▸ WHAT THE TASK ASKS: Your copy should hold only the lines from the one with "Светильник Элетех 1005405393" to the one with "به بهانه ایام", both included, each exactly as it stands below, with no pictures.

▸ DATASET EXTRACT:

'''

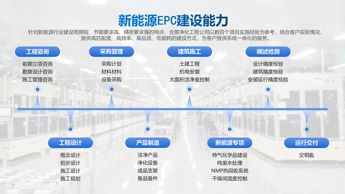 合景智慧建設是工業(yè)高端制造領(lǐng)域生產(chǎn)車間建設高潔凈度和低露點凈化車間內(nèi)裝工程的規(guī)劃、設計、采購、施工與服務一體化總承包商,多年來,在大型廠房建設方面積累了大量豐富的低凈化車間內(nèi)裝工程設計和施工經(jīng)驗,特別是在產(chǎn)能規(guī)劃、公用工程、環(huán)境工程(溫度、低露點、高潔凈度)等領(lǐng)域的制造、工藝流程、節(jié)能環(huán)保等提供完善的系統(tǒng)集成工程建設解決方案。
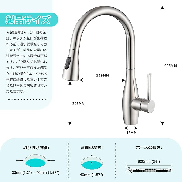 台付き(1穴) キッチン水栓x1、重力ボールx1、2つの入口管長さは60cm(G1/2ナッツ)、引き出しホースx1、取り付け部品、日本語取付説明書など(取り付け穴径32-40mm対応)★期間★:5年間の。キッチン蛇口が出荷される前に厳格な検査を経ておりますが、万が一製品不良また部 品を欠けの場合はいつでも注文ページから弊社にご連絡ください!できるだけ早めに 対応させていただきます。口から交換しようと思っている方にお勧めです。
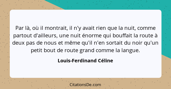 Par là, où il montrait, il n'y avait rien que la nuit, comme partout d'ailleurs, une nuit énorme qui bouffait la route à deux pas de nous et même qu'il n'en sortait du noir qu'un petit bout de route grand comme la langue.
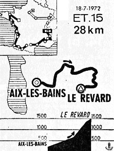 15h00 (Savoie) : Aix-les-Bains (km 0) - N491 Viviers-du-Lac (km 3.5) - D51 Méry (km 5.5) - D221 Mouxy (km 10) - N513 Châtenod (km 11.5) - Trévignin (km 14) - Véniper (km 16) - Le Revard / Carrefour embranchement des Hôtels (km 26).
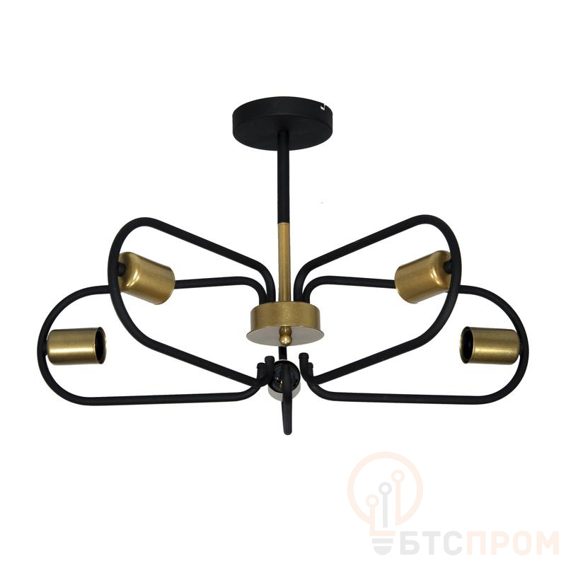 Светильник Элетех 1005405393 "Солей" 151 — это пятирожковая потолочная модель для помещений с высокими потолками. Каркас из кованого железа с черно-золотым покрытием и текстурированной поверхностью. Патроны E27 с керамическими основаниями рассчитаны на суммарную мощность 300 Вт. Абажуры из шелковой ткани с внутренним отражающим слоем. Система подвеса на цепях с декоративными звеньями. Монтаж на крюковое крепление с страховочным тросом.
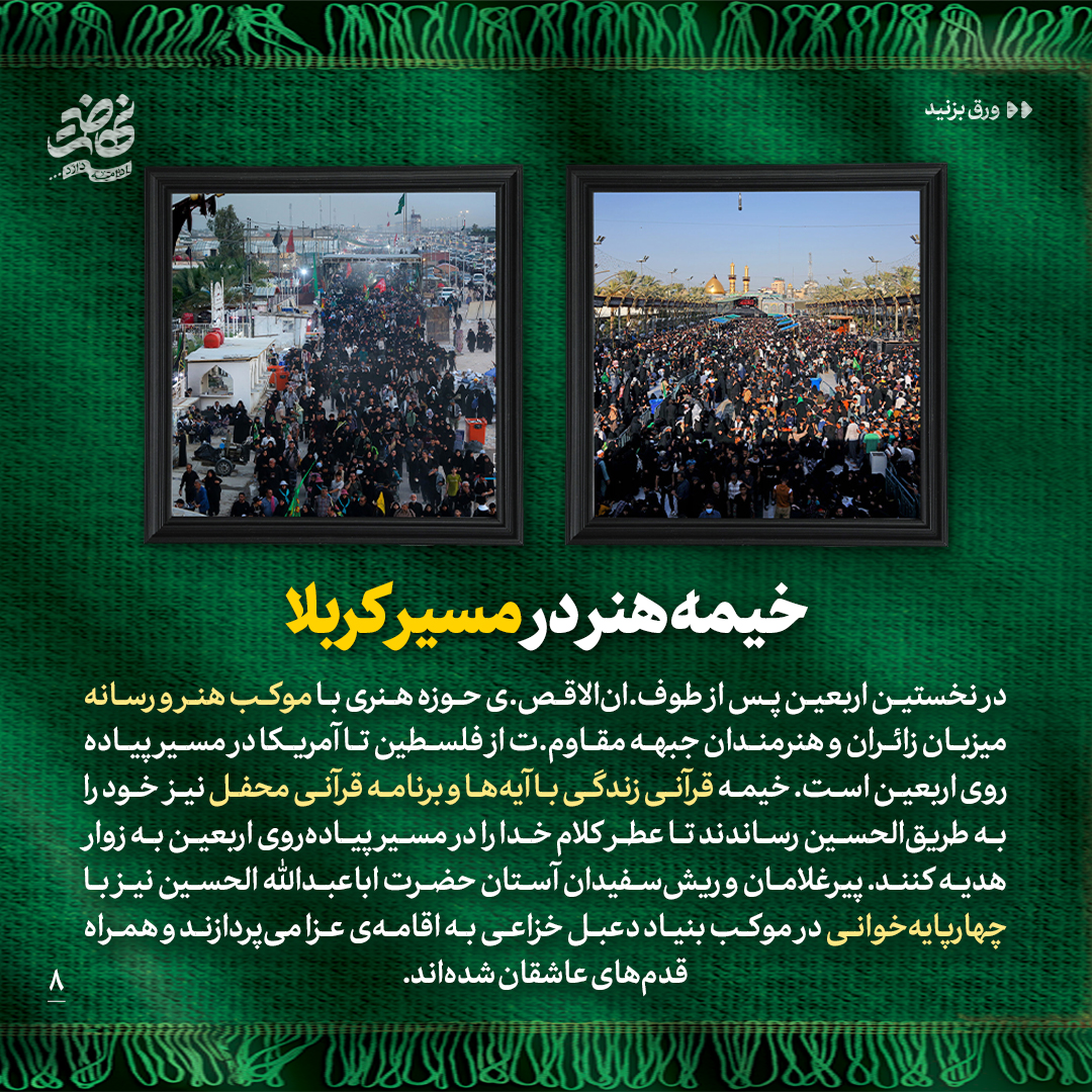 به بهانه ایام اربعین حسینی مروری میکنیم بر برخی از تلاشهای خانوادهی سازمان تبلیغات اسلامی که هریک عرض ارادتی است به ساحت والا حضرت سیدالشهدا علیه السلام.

'''
'''

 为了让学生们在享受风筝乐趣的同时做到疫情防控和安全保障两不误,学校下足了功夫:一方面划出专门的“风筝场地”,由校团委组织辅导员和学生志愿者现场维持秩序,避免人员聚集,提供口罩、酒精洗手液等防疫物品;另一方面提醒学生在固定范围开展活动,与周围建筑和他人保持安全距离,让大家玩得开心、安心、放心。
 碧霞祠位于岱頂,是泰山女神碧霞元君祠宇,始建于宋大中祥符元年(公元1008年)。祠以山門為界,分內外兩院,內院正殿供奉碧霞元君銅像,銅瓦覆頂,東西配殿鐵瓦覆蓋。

'''

▸ EXERCISE RESPONSE:
 Светильник Элетех 1005405393 "Солей" 151 — это пятирожковая потолочная модель для помещений с высокими потолками. Каркас из кованого железа с черно-золотым покрытием и текстурированной поверхностью. Патроны E27 с керамическими основаниями рассчитаны на суммарную мощность 300 Вт. Абажуры из шелковой ткани с внутренним отражающим слоем. Система подвеса на цепях с декоративными звеньями. Монтаж на крюковое крепление с страховочным тросом.
 به بهانه ایام اربعین حسینی مروری میکنیم بر برخی از تلاشهای خانوادهی سازمان تبلیغات اسلامی که هریک عرض ارادتی است به ساحت والا حضرت سیدالشهدا علیه السلام.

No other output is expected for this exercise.